The Queen's House is home to a rich collection of contemporary artwork on free display. These artists have responded to contemporary concerns of nationhood, migration, tradition, and life at sea in their own unique and diverse ways.
Kovats' Sea Mark is composed of panels of glazed ceramic tiles that together suggest a seascape. Her work reflects a preoccupation with the natural world as a site of encounter and transformation. Set in juxtaposition with 17th century blue and white Delfware, Sea Mark suggests the ways in which Kovats uses traditional art historical genres and media in order to raise concerns about humanity's increasingly troubled relationship with our natural suroundings.
Symington is a member of the Royal Society of Sculptors whose work focuses on representing overlooked or marginalized historical figures. Her sculpture of Olaudah Equiano, an important figure in the abolition movement, is set in dialogue with 18th-century naval portraits to explore notions of heroism, then and now. Visit the artist's homepage
Ship of Fools will be part of a new exhibition at the Box in Plymouth. It will return in Spring 2021.

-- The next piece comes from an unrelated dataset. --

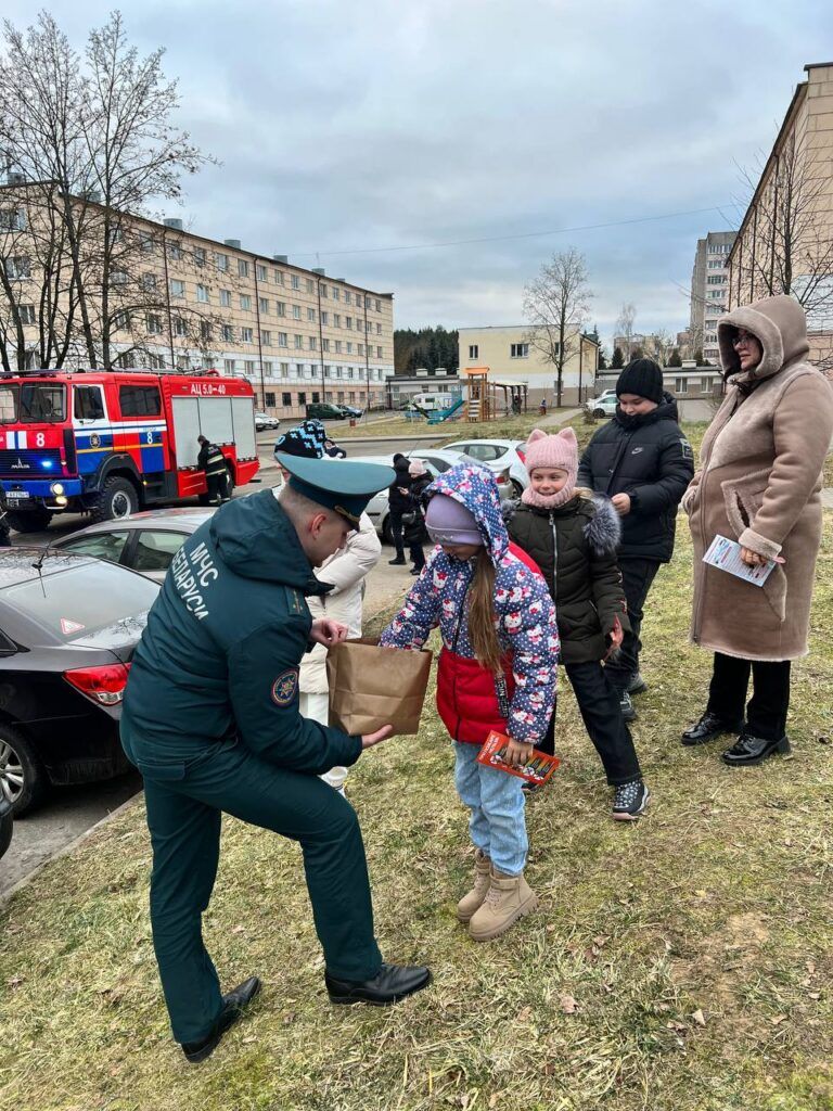 Основные правила работники Минского РОЧС напомнили жильцам общежития. Детей ждал приятный сюрприз: конфеты и возможность поисследовать пожарную машину. Взрослым раздали наглядно-изобразительную продукцию.

Kehinde Wiley's Ship of Fools makes visible not only the problems that confront contemporary migrants, but also the invisible legacies that informed maritime history and indeed the genre of marine painting.
Bettina von Zwehl
Bettina von Zwehl is an important contemporary artist whose practice focuses on portraiture. As part of the Museum’s NHLF-funded Armada Portrait Activity Plan, the artists made a series of portraits of local young women in the style of sixteenth century portrait miniatures, drawing upon the visual legacy of portraits of Elizabeth I as a young woman.
Faisal Abdu’Allah’s work negotiates cultural displacement within the Black British community, examining erasure and absence. He worked with the Museum collections in 2001 and became particularly interested in how artists helped secure the status of men involved in expanding global trade and colonial empires.